Нормально оценить работу мотоцикла до того, как весь транспорт покинет трюм, я, к сожалению, не мог: нужно было тронуться с места и проехать хотя бы несколько метров. Пришлось запастись терпением; наконец, когда пришла моя очередь покидать трюм, я завелся, воткнул первую передачу и медленно отпустил сцепление. Все стихло в момент, и байк спокойно покатился вперед. Тогда я попробовал выжать сцепление на ходу, и двигатель снова недовольно загрохотал.
«Отпускаем…»
И опять – тишина. Только где-то на грани слышимости до боли знакомый и оттого приятный уху чих харлеевского движка: «Потейто-потейто-потейто…»
«Теперь нейтраль…»
Рев, скрежет, эхо по всему трюму.
«Понятно».
Я заглушил мотор. Никакой паники, естественно, не было: многолетний опыт езды на байке давно научил меня, что к поломкам мотоцикла надо относиться философски, как к неизбежному злу или предвестнику приключений. Любая, даже самая лучшая техника имеет свой ресурс.
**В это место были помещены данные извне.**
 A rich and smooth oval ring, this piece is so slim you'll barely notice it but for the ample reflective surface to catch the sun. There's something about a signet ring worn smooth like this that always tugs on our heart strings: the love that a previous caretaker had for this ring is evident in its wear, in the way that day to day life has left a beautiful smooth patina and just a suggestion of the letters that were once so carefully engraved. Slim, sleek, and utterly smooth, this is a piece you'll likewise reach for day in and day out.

Мой «Харлей» ломался даже реже положенного – учитывая, сколько дорог я на нем исколесил.
«Главный вывод – на скорости я ехать могу. Для начала – уже неплохо».
На пограничном контроле мой байк снова оказался в центре внимания; пришлось даже заглушить двигатель и катить его руками. Думал, пограничники утомят вопросами, но они лишь пожелали мне удачи и отпустили.
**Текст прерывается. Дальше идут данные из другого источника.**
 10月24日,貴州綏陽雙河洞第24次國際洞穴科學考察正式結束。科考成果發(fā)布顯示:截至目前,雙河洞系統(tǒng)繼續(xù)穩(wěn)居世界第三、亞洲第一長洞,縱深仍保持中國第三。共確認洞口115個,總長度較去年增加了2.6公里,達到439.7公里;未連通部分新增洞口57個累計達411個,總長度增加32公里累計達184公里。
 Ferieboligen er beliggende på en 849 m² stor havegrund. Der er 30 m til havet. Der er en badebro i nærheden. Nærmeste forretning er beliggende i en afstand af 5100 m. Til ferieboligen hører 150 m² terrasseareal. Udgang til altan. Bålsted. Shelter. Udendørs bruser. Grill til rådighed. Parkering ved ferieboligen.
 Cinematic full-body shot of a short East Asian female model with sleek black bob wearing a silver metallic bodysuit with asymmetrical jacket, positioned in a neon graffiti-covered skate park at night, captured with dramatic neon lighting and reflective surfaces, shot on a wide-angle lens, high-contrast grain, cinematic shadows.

– Чего у тебя там с байком случилось? – спросил Чиж, когда мы оба уже были на берегу.
Я с угрюмым видом завел мотор, и тот охотно загрохотал.
– Ну нихера себе! – вздрогнув от неожиданности, воскликнул Вадим.
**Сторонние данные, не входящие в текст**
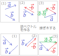 右上の図において(1)の問題に対して, \( \vec{a}-\vec{b} \)を作図するには,初めに(2)のように逆ベクトル \( -\vec{b} \)を作り,次に(3)のように接ぎ木するとよい.
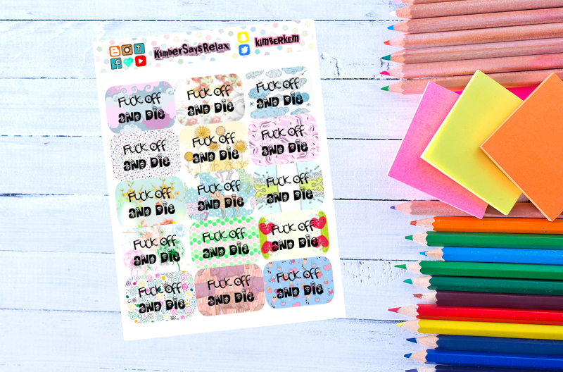 Stickers are kiss cut and printed on non-removable satin sticker paper. White outline around stickers is to show cut line only.
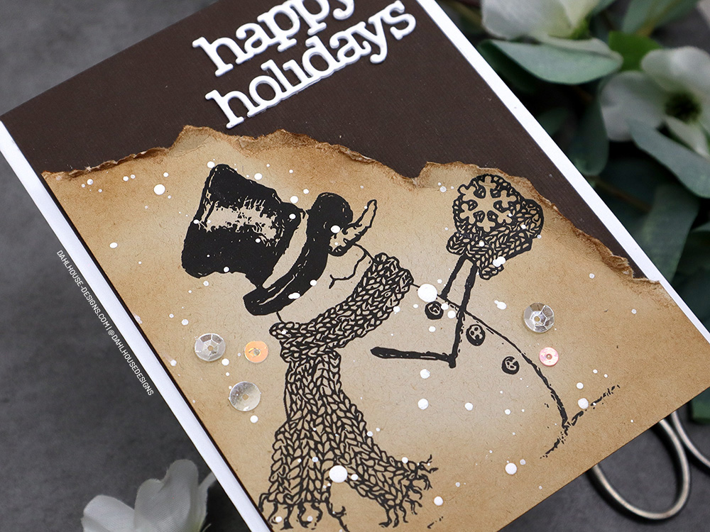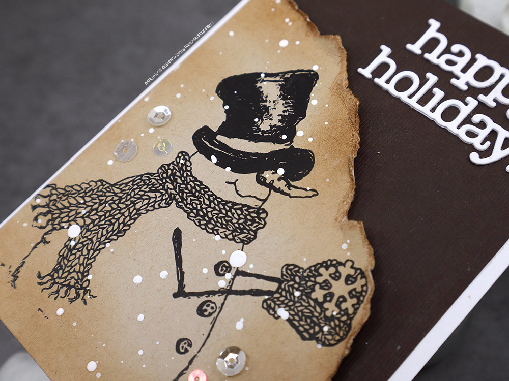 I love the cute snowman from Unity Stamp Company’s Uniquely Unity membership. He looks fantastic simply stamped in black on craft for a quick holiday card.
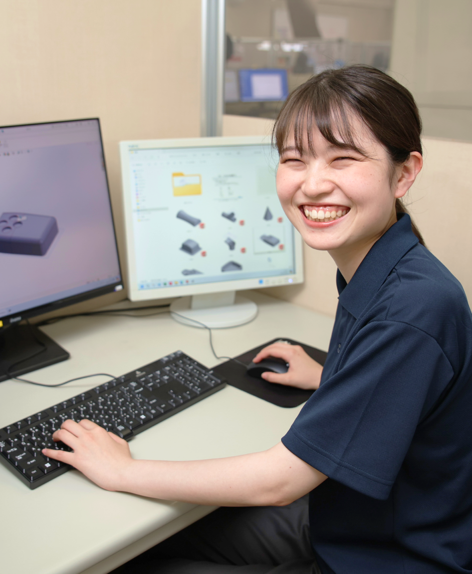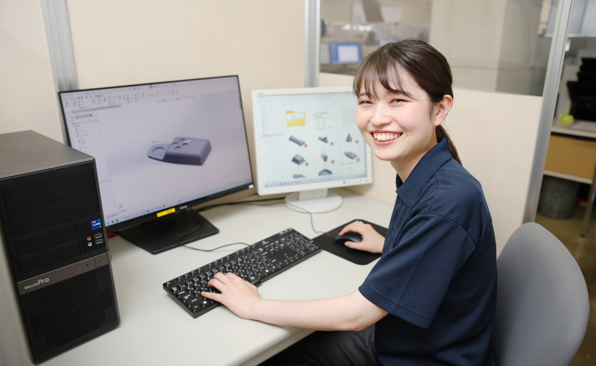 当社の商品設計職は、ただ図面を書くだけの仕事ではありません。 新製品のテーマ企画を受けて構想設計を行い、自身が設計したものを試作品として形にし、 それらが問題なく使用できるものなのか、検証及び評価まで担当します。 若手のうちから一つの製品を担当することができ、新製品開発に幅広く関われるため、 プレッシャーはありますが、自身が設計した製品が世の中に出た時の喜びはひとしおです。また、製品の一部分ではなく、 完成品の設計に携わることができるのも当社の商品設計職の特徴です。
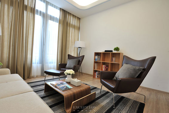 入門接待處,兩把天藍色蛋椅以其柔和的外觀線條呼應著同樣以圓弧形處理的內嵌壁柜,這一出自丹麥設計師雅各布森的經典設計成了門廳的亮麗風景線,高級羊絨布軟包帶來舒適親和的坐感。柔和的設計往往能軟化人的心緒,設計師希望以柔之意,讓身處其中的人體悟這份內斂而不張揚的關懷。濃濃的母愛,正是如此吧!
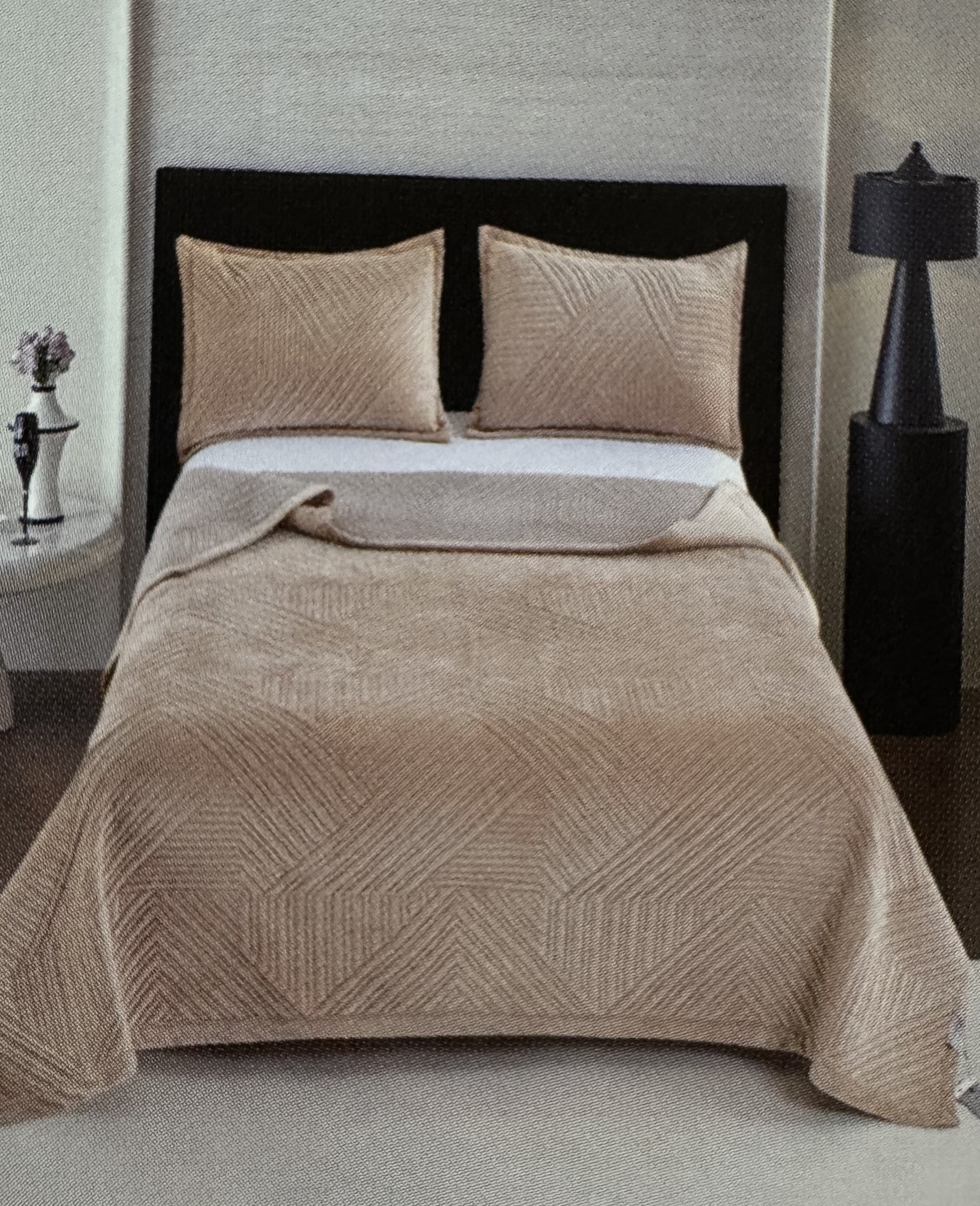 Покрывало велюровое с термо стежкой 1684902 ГЕОМЕТРИЧЕСКИЕ ФОРМЫ р-р 200х230 - бежевый
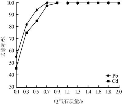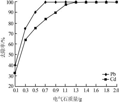 圖 3 電氣石粒徑1.0 μm的電氣石用量與鎘、鉛去除率關系
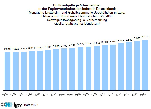 - Das monatliche Bruttoentgelt je Mitarbeiter belief sich in der Papierverarbeitenden Industrie im Jahresdurchschnitt 2022 auf 3.774 Euro. Gegenüber dem Vorjahr bedeutet dies einen Anstieg von 124 Euro oder um 3,4 Prozent.
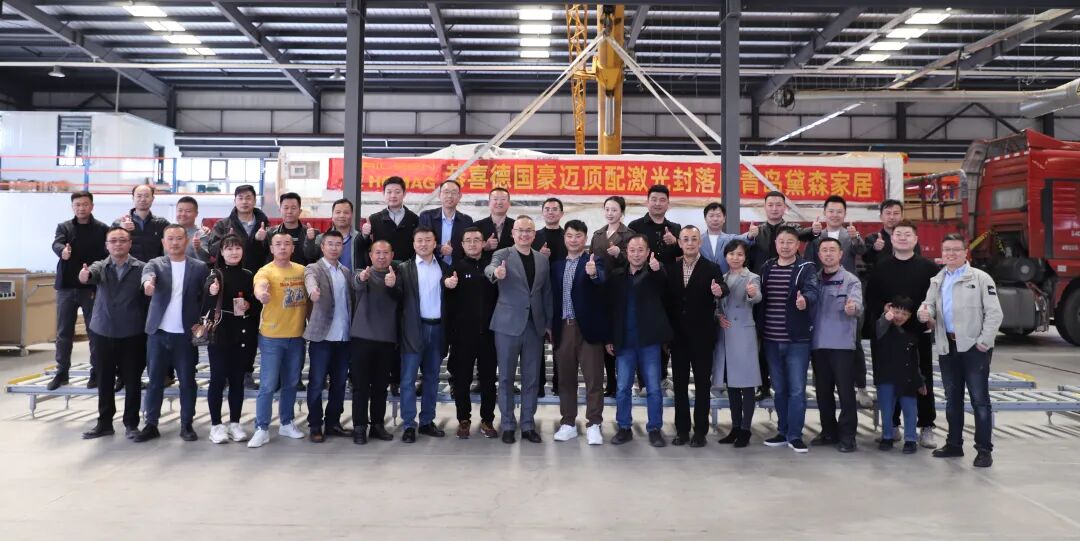 2023年4月8日,德国豪迈激光封边机落地仪式在青岛黛森全屋定制家居产业园成功举...
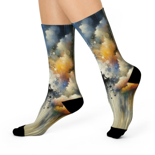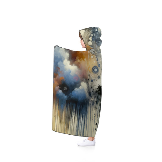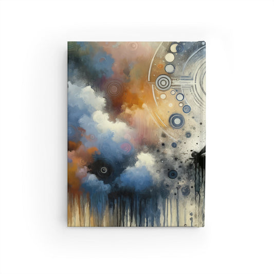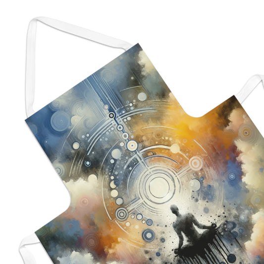 Titled Mindful Transformation Profundity, this vertical image is a visual representation of the spiritual concept of elevating the ordinary to the extraordinary through focused awareness. The artwork adopts a Tachism style, characterized by splotches, drips, and an explosion of colors that defy structure in a free-flowing manner. At the core of the piece sits a human figure in a meditative pose, seeming to float within an ethereal realm. This figure becomes the anchor amidst the chaotic beauty surrounding them. Above, an intricate celestial design radiates from the meditator s location, suggesting an awakening or enlightenment, with circular motifs and runic-like symbols that hint at a metaphysical journey. Dark and light blues mix with clouds of whites in the upper section, creating a soothing yet mysterious atmosphere. There s a subtle transition into warm, fiery oranges and yellows near the center, symbolizing a vibrant transformation. These vivid colors mirror the journey of mindfulness—starting from the cool calmness of contemplation, erupting into the luminous realization of inner profundity. The artwork is bordered by streaks of color that drip downwards, conveying movement and the fluidity of time. These long drips merge with the wooden texture at the bottom, grounding the nebulous, otherworldly experience into something tangible. It adeptly captures the ephemeral nature of transformation—one mindful moment leading to profound change.

– А ты думал, – снова заглушив мотор, буркнул я.
– Думаешь, до Эдинбурга дотянет?
– Пока не знаю. Сейчас поедем, поглядим, как он на дороге будет.
– Ну, покатили?
– Покатили.
От порта до первой заправки было не больше километра, но без проблем не обошлось. Переключиться на правостороннее движение удалось далеко не сразу; постоянно отвлекаясь на рев мотора, я один раз выехал на встречку и трижды при круговом движении уходил вправо под смачный матерок местных водителей на джорди.
– Это проводка стартера замыкает, – сказал Чиж, когда мы заправлялись. – Судя по симптомам.
Он говорил уверенно, поскольку всю свою жизнь посвятил ремонту автотехники. Правда, большей частью специализировался на «Мерседесах», но базовые принципы механики знал на зубок.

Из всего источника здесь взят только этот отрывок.